BEGIN
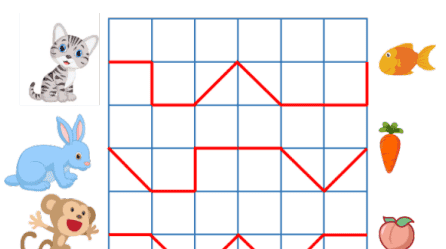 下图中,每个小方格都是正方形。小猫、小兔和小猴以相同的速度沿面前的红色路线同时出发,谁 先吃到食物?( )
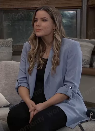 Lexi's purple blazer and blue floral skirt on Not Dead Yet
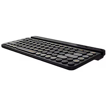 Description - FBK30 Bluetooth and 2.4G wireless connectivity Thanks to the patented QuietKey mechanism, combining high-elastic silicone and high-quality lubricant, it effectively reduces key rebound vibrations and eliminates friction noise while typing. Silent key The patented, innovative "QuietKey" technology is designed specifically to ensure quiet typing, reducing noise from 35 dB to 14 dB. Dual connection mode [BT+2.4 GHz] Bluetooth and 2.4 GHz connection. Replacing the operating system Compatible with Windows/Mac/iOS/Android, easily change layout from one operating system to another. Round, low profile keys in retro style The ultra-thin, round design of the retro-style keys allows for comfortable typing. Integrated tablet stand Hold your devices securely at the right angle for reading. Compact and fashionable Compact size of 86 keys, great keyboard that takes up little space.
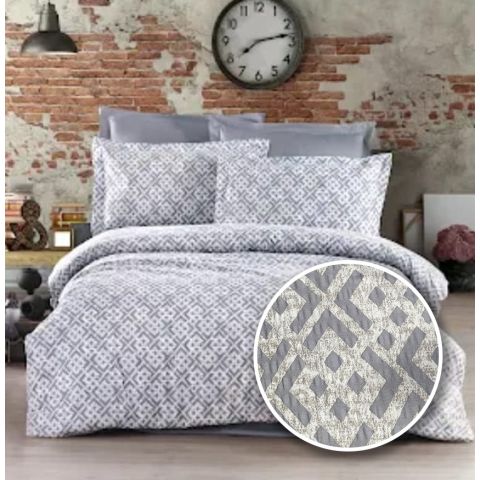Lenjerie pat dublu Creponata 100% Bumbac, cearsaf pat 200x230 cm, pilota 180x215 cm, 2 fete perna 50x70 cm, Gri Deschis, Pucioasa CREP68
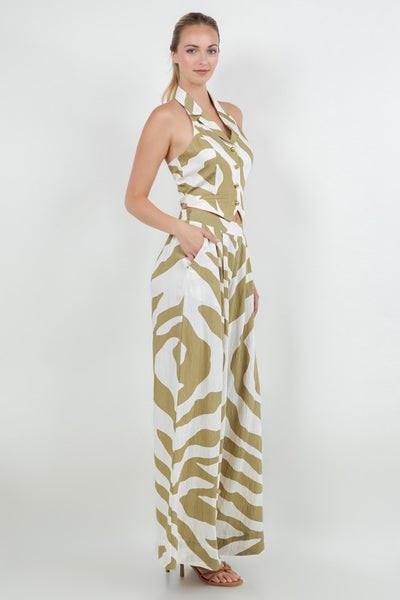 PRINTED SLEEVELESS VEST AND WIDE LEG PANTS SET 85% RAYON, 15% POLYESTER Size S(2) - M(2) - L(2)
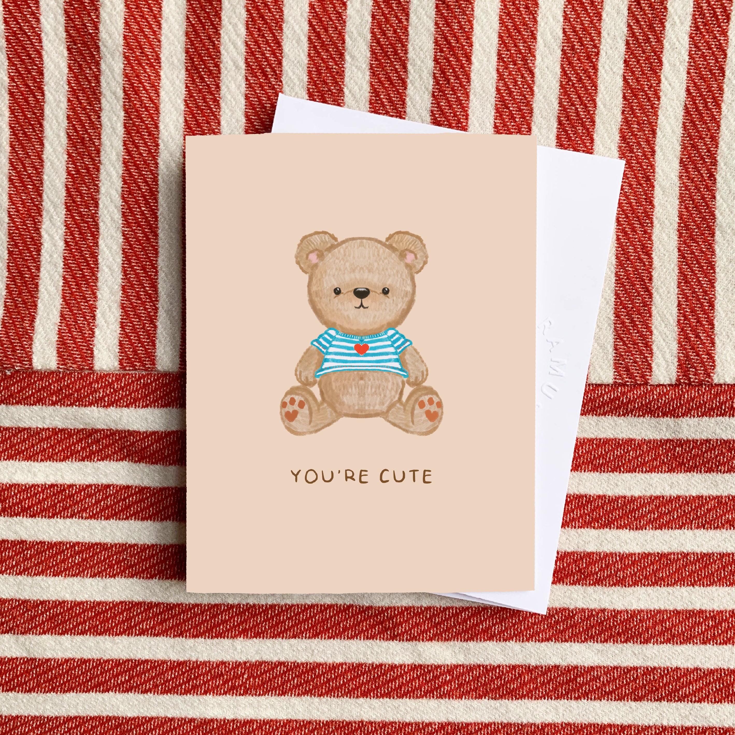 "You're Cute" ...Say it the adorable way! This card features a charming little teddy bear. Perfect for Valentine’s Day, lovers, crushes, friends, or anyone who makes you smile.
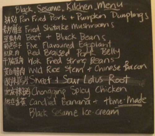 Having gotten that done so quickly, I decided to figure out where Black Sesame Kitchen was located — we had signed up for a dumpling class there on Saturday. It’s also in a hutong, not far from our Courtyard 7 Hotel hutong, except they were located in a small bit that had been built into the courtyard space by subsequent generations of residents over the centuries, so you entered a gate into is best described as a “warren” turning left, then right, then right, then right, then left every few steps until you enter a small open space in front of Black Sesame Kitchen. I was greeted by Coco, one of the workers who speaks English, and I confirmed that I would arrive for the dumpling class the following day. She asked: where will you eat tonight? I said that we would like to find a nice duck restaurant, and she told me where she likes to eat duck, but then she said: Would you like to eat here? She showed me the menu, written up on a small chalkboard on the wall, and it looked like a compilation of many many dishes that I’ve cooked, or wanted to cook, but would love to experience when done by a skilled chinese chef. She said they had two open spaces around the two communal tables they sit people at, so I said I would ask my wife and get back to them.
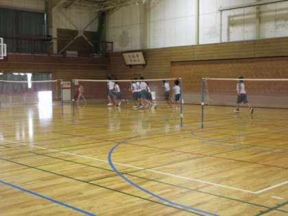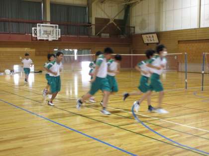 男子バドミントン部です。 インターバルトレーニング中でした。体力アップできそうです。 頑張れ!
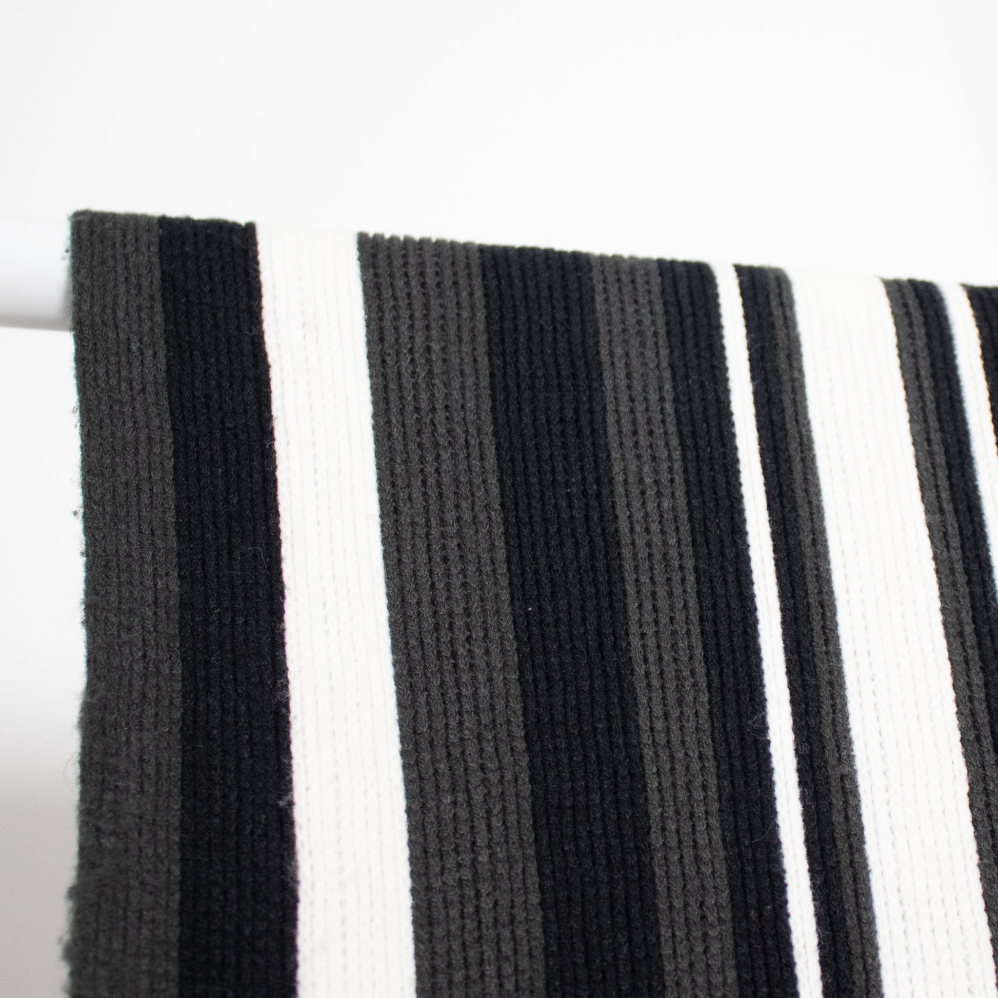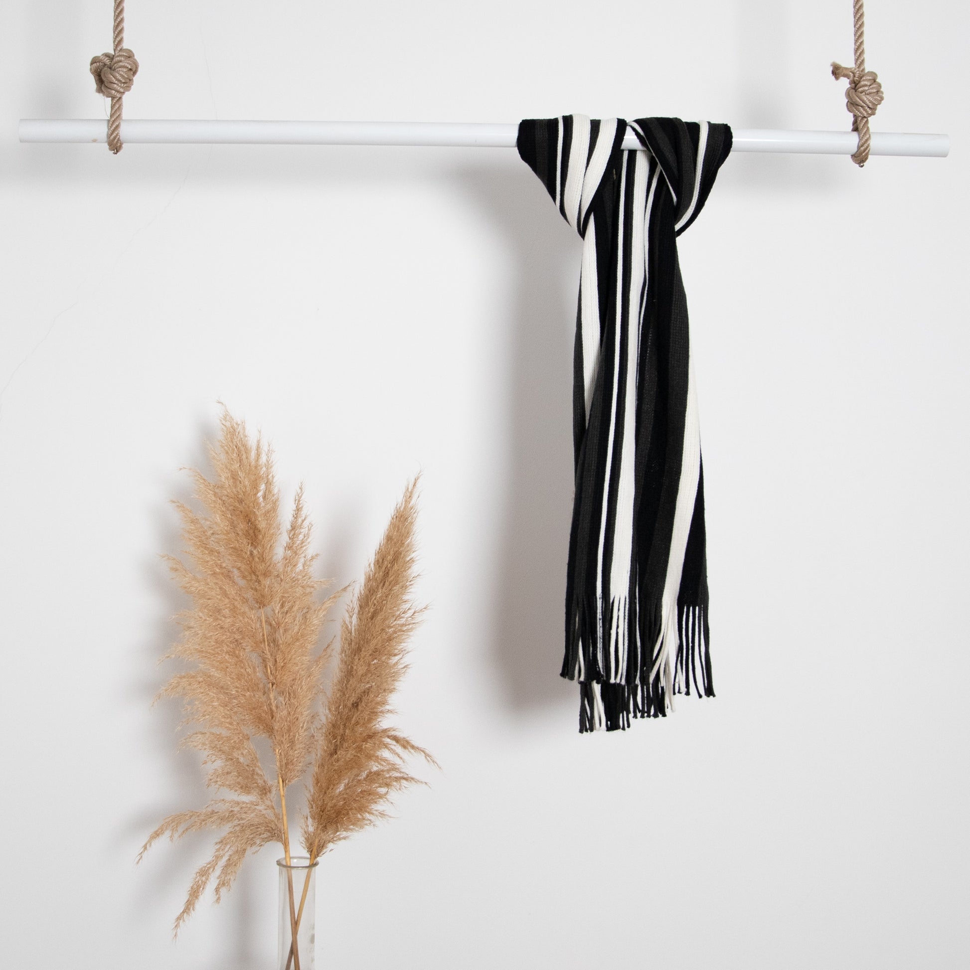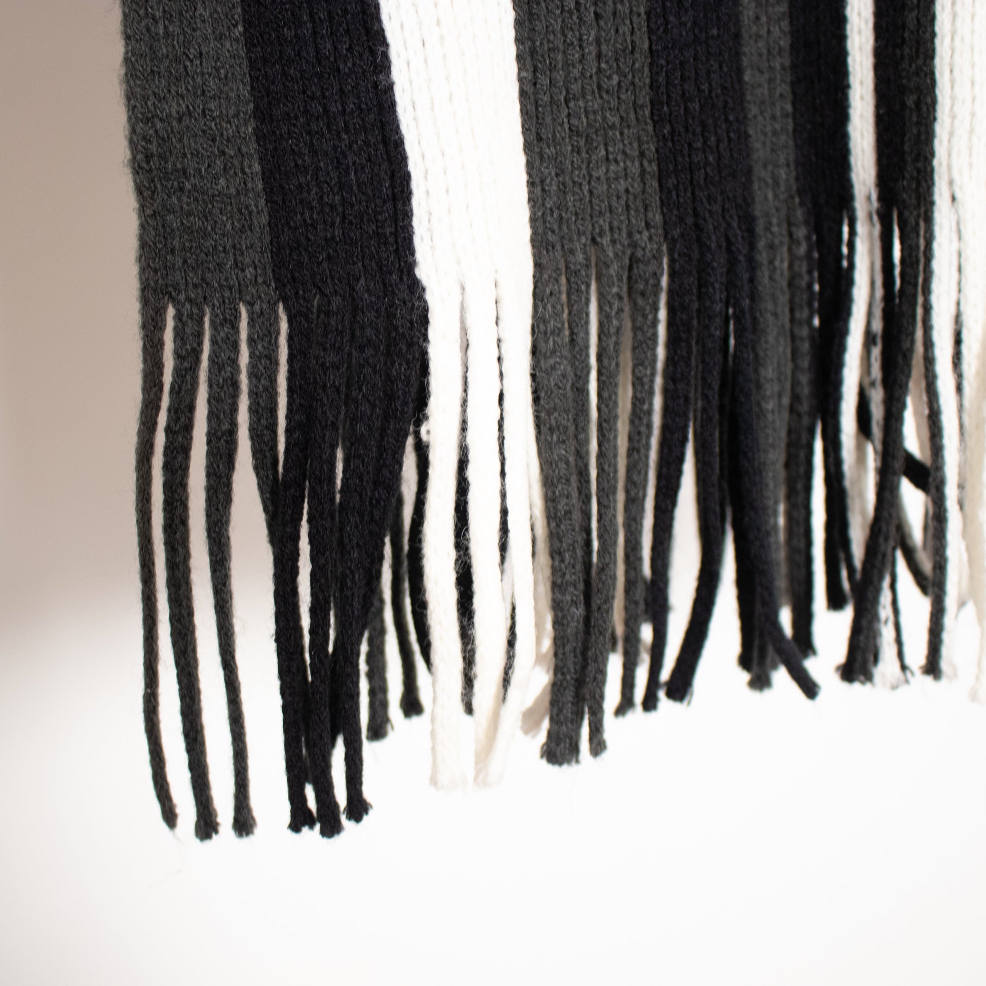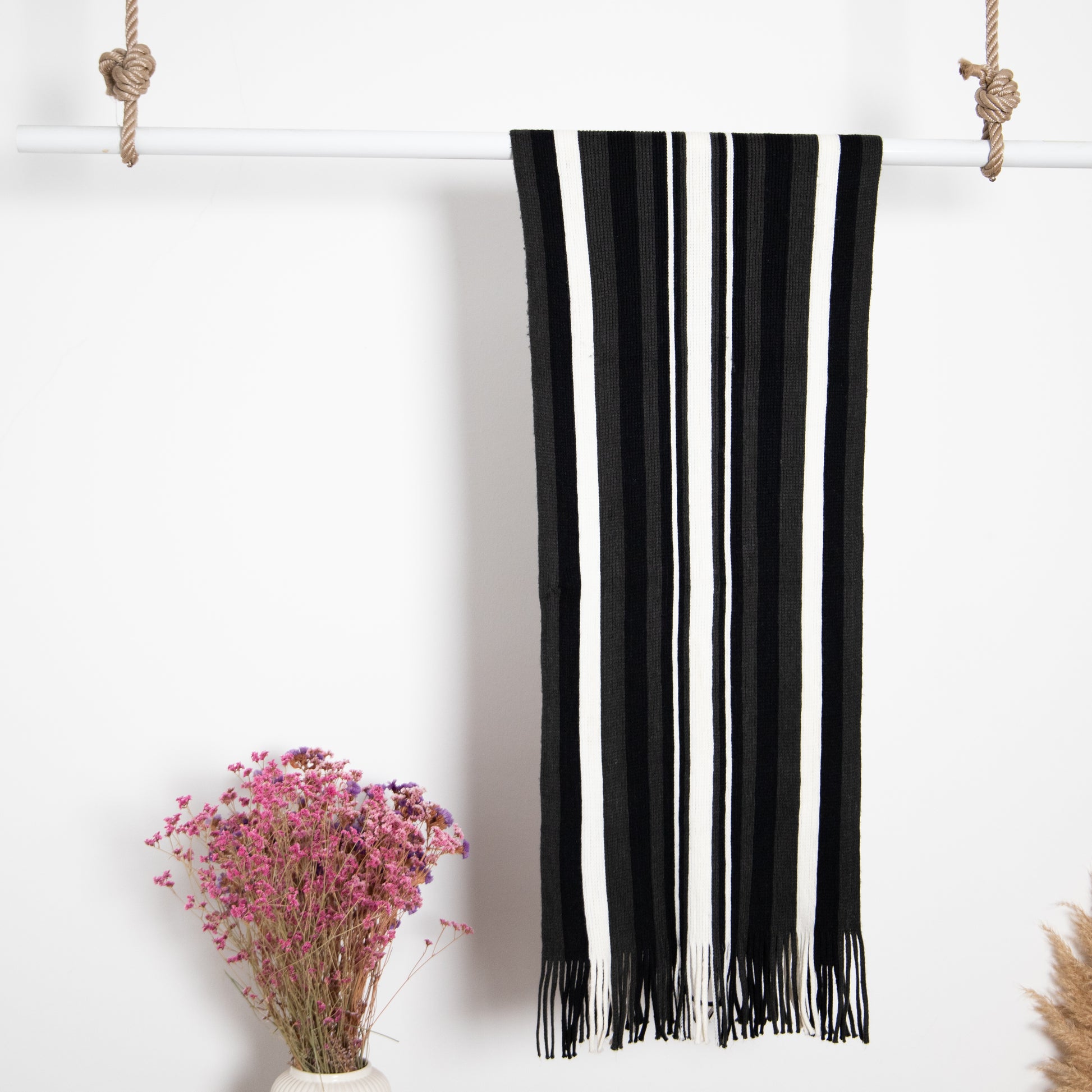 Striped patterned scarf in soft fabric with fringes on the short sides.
END
The reply should hold exactly the lines above, starting at the line with "Lenjerie pat dublu" and ending at the line with "makes you smile.", and no pictures.

Lenjerie pat dublu Creponata 100% Bumbac, cearsaf pat 200x230 cm, pilota 180x215 cm, 2 fete perna 50x70 cm, Gri Deschis, Pucioasa CREP68
 PRINTED SLEEVELESS VEST AND WIDE LEG PANTS SET 85% RAYON, 15% POLYESTER Size S(2) - M(2) - L(2)
 "You're Cute" ...Say it the adorable way! This card features a charming little teddy bear. Perfect for Valentine’s Day, lovers, crushes, friends, or anyone who makes you smile.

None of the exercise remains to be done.